Again memory faults are likely not the case as I have a second machine with the same MB and DIMM (different OS and purpose) that I have test swapped parts with to confirm hardware was not the issue.

I will try disconnecting the Sata drive pool to see how the NVMe OS drive reacts. If it still cannot complete a boot I will create a USB boot drive.
I may also be able to borrow an M.2 drive enclosure to test and re-build the NVMe.

cy@ · Jan 16, 2024

OrphanAudio said:
Again memory faults are likely not the case as I have a second machine with the same MB and DIMM (different OS and purpose) that I have test swapped parts with to confirm hardware was not the issue.

Read my words again. I didn't say your problem was a memory problem. I did say that hardware problems can cause memory corruption. You can have memory corruption due to DIMM errors, bad caps, a wonky NIC card that overwrites RAM through DMA, etc. You have a hardware problem and all bets are off.

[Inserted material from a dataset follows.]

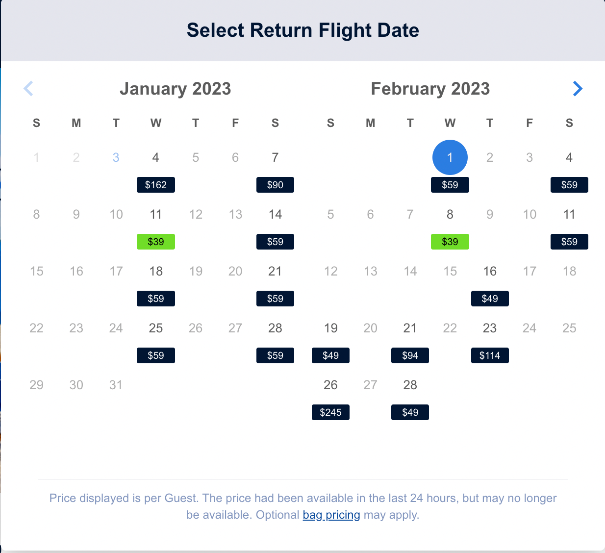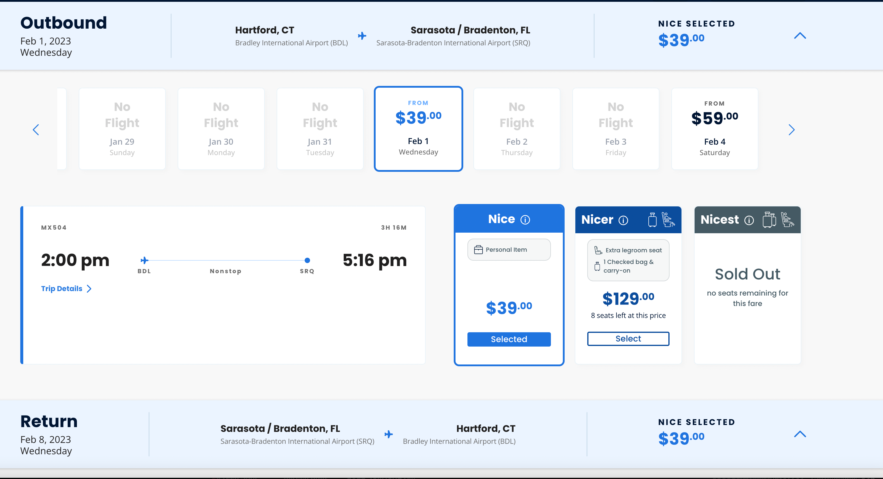 For example, a flight from Hartford to Sarasota, Florida, does not have much availability at the $39 one-way sticker price — only the dates Jan. 11, Feb. 1 and Feb. 8 have $39 one-way flights.
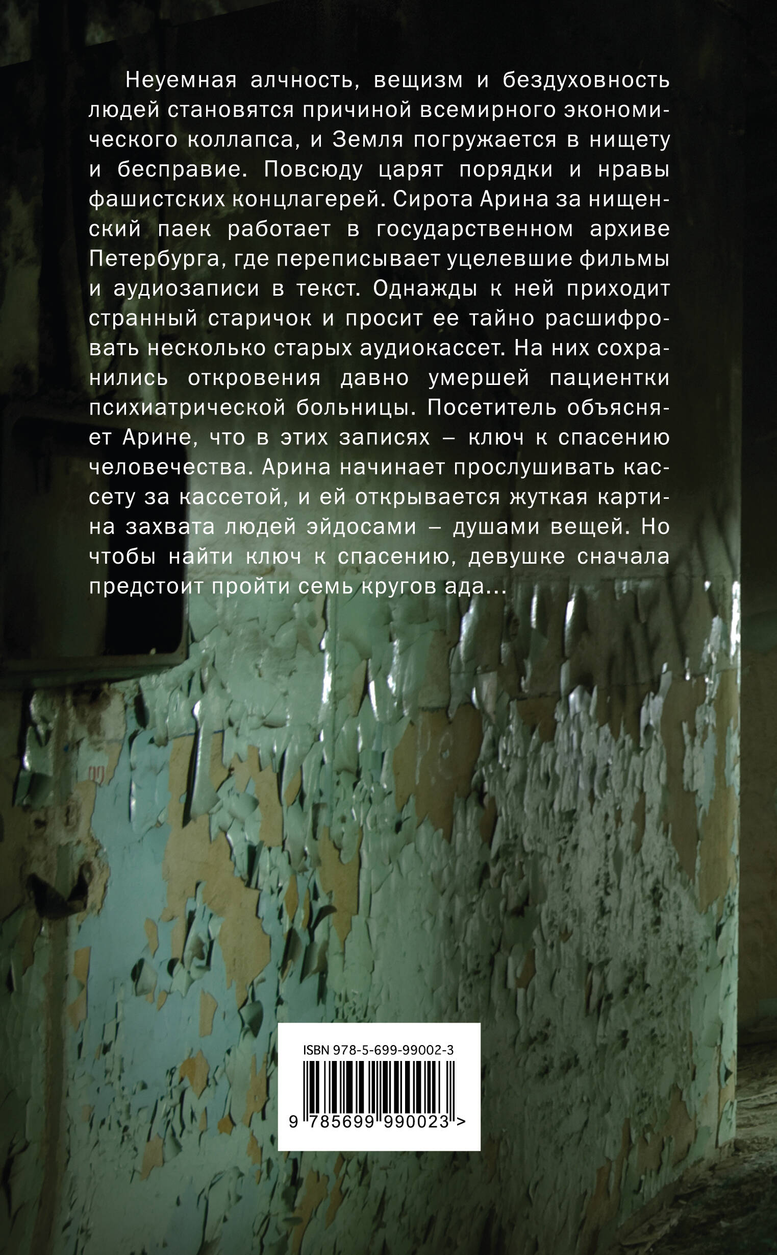 Неуемная алчность, вещизм и бездуховность людей становятся причиной всемирного экономического коллапса, и Земля погружается в нищету и бесправие. Повсюду царят порядки и нравы фашистских концлагерей. Сирота Арина за нищенский паек работает в государственном архиве Петербурга, где переписывает уцелевшие фильмы и аудиозаписи в текст. Однажды к ней приходит странный старичок и просит ее тайно расшифровать несколько старых аудиокассет. На них сохранились откровения давно умершей пациентки психиатрической больницы. Посетитель объясняет Арине, что в этих записях - ключ к спасению человечества. Арина начинает прослушивать кассету за кассетой, и ей открывается жуткая картина захвата людей эйдосами - душами вещей. Но чтобы найти ключ к спасению, девушке сначала предстоит пройти семь кругов ада...| Издательство | ООО "Издательство "Эксмо" |

OrphanAudio · Jan 16, 2024

Read my words again. I didn't say your problem was a memory problem. I did say that hardware problems can cause memory corruption. You can have memory corruption due to DIMM errors, bad caps, a wonky NIC card that overwrites RAM through DMA, etc. You have a hardware problem and all bets are off.

Yes, I missed the intention of your post. I will keep an eye out for data damage that could have been caused by transient hardware glitches.

I was finally able to burn an amd64-bootonly.iso image to a USB stick (using Etcher software) and managed to get my machine to boot from it in Live-CD mode.

The current road-blocks are:
-I cannot find any mention of the default username and password in the online docs so I can actually enter the user interface, query logs and determine zpool status for a full recovery.
-I was only able to boot from the USB disc after completely disabling the NVMe boot drive. Placing the NVMe drive later in the boot order did not work.
I am not sure why this is happening (MB hardware setting or perhaps the USB drive simply took too long to convince the Bios to boot from it...??), but I have to resolve this as well or I will not be able access any logs to determine the reason for the original crash.

(edit) more data:
I was able to get a rescue boot with the NVMe present and shell to a # prompt, but no idea how to mount/access the NVMe or raid volumes (again my noob status raises it head, but I suppose if I bang my skull against this enough I will figure it out).
I reviewed the FAQ for ideas and attempted to use mount -urw / followed by mount -a/,... but no joy. I expect there are some large holes to fill in my knowledge base so any suggestions are welcome for mounting and inspecting condition of the drives.

As always, thank you in advance for your kind assistance.

Tieks · Jan 17, 2024

OrphanAudio said:
I was able to get a rescue boot with the NVMe present and shell to a # prompt, but no idea how to mount/access the NVMe or raid volumes

Replacing your MB may have changed drive designations/numbering. That may invalidate the contents of /etc/fstab, which causes mount -a to fail. If mount -urw does work it will allow you to edit and save /etc/fstab using /usr/bin/ee. Try to comment out all references to NVMe by placing a # sign in front of the lines. Save and reboot. Then scroll through the output of dmesg to find your NVMe drives, see if they have matching entries under /dev and correct file /etc/fstab accordingly. See man fstab() and man mount() for info.

bigbrother · Jan 18, 2024

when you boot, issue a
dmesg | more
and read the info, there you can see what discs are identified, like
ada0: Serial Number S7EWNJ0W478457N
ada0: 150.000MB/s transfers (SATA 1.x, UDMA5, PIO 512bytes)
ada0: 476940MB (976773168 512 byte sectors)

after locating the disk (in my example ada0), see the /dev/ for the partitions discovered, like
ls -la /dev/ada0*
is you see the 's1' like /dev/ada0s1 and other then perhaps you are using disklabels on FFS, so just issue a similar command with the following
disklabel /dev/ada0s1
and then you can continuing with fsck and mount.